The Gallaghers found it sweet that Ian left behind an alarm that was set to go off at 2 a.m. with his picture on it. I found it very inconsiderate and worthy of tacking another few months onto his sentence.

6. Lip

Look who has a new woman in his life! A few weeks after Xan went back with her mother, Lip is reunited with Tammy, the drunk bridesmaid he awkwardly hooked up with at Brad’s wedding. Well, their last meeting didn’t go so well, but she suddenly wants to take him up on his offer of a date. And their kind of date is apparently a very brief meal at a taco truck and hours of rated sex in a very small car.

7. Kev and V

It took some convincing — and pretending to be dead so someone couldn’t pick up their old baby stuff — but Kevin gets V to agree to have another child. And, thankfully, no threesome with V’s mom will be required this time around since they decide on adoption.

8. Carl

How quickly Carl has forgotten about his possibly dead wife Kassidi. But, credit where credit is due, Kelly is a good influence on Carl.
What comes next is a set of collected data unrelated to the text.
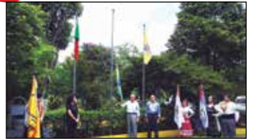
Momento do hasteamento das bandeiras.
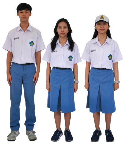
Seragam Nasional Putih Abu-Abu
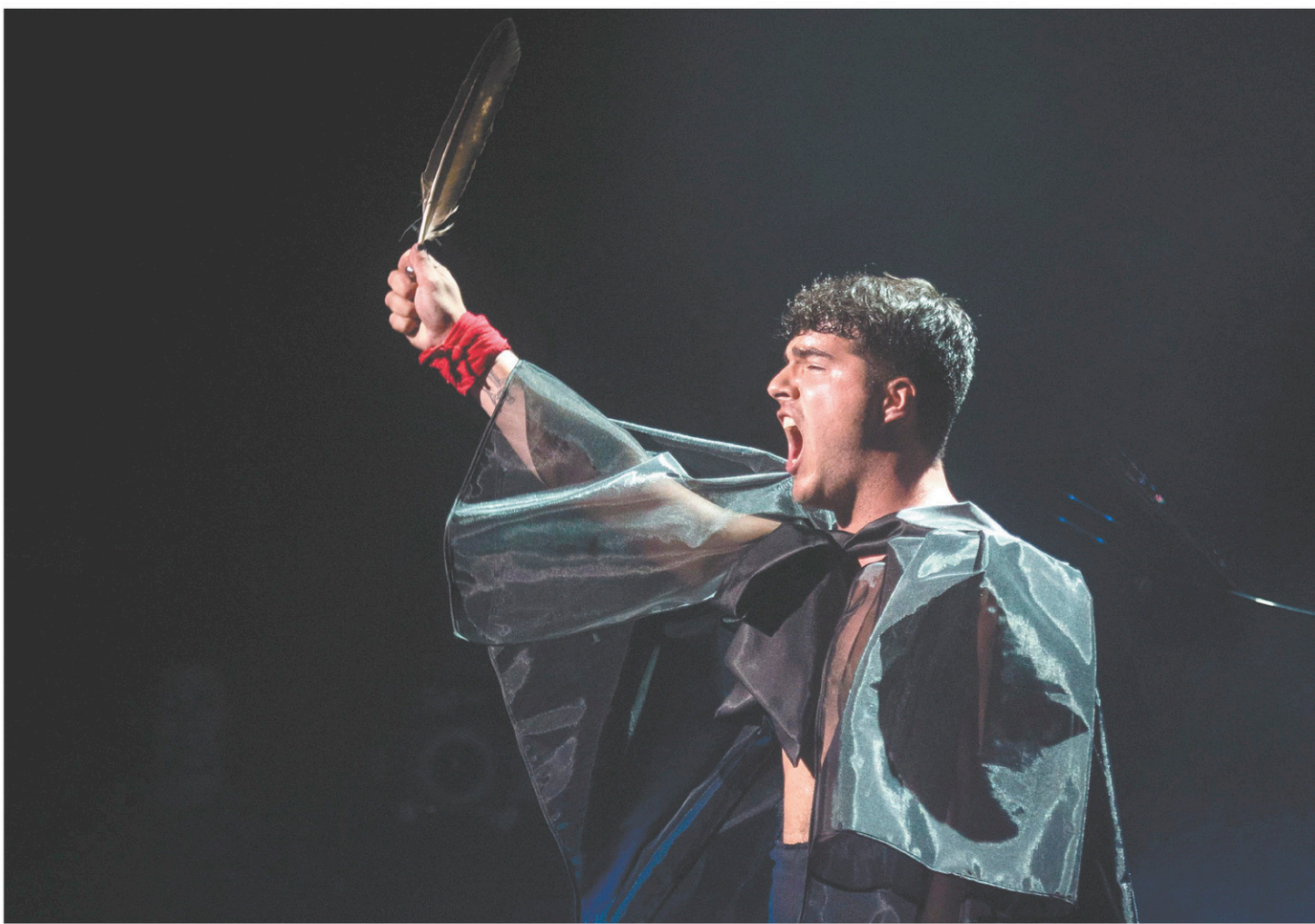
Jeremy Dutcher en performance sur scène pendant le gala du prix Polaris lundi soir à Toronto.
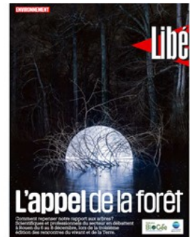
Encarté national Libération

Un cahier spécial intégré à l'édition nationale du 7 décembre, tiré à part à 1000 exemplaires et distribué aux participants durant le Festival ;
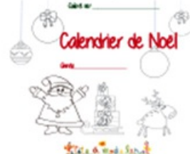
Couverture du calendrier de Noël
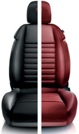
Pelle a cannelloni

408 Nero intrecciato (opt) 465 Cuoio intrecciato (opt)
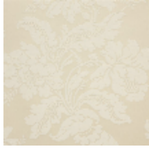
4237-01 VILLARCEAUX - IVOIRE
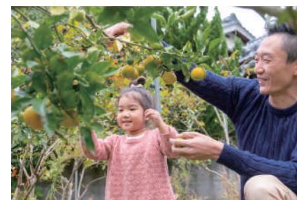
自宅の庭には柑橘類が実る。
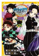
「鬼滅の刃 6」 501191205
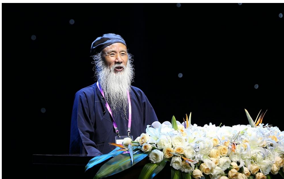
Obr. 5 Charismatický předseda Čínské taoistické asociace pan Žen Fažunga 任法融 zahajuje.
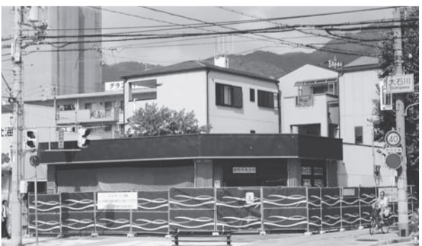
▲着々と工事が進む小規模多機能とががわ

「小規模多機能とががわ」のご利用をお考えの方へ 小規模多機能とががわの利用をご検討中の方は下記までご連絡ください。 職員募集 利用者さんが安心して暮らせるようにサポートしてください! 常勤職員・準職員・パートタイム・夜勤専門介護職員 募集中 小規模多機能とががわ準備室 (生協本部) 電話 802-3424
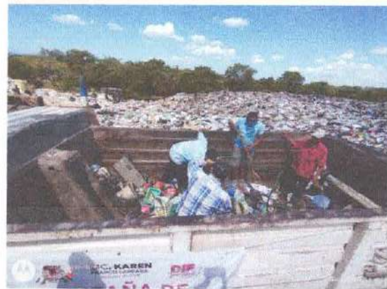
Ilustración 13.- Descarga de RSU en el relleno sanitario.

I mean, who would have guessed that this kid would spend his summer studying in hopes of getting into Westpoint?! And a lot of studying at that considering he thinks former President Grover Cleveland is from Sesame Street.

9. Liam

School is out and Liam has already found himself a well-paying summer job. Between this and helping Fiona with her investments, the boy has proven to be a smart businessman. He may be the Gallagher family’s best — and last — hope for financial success.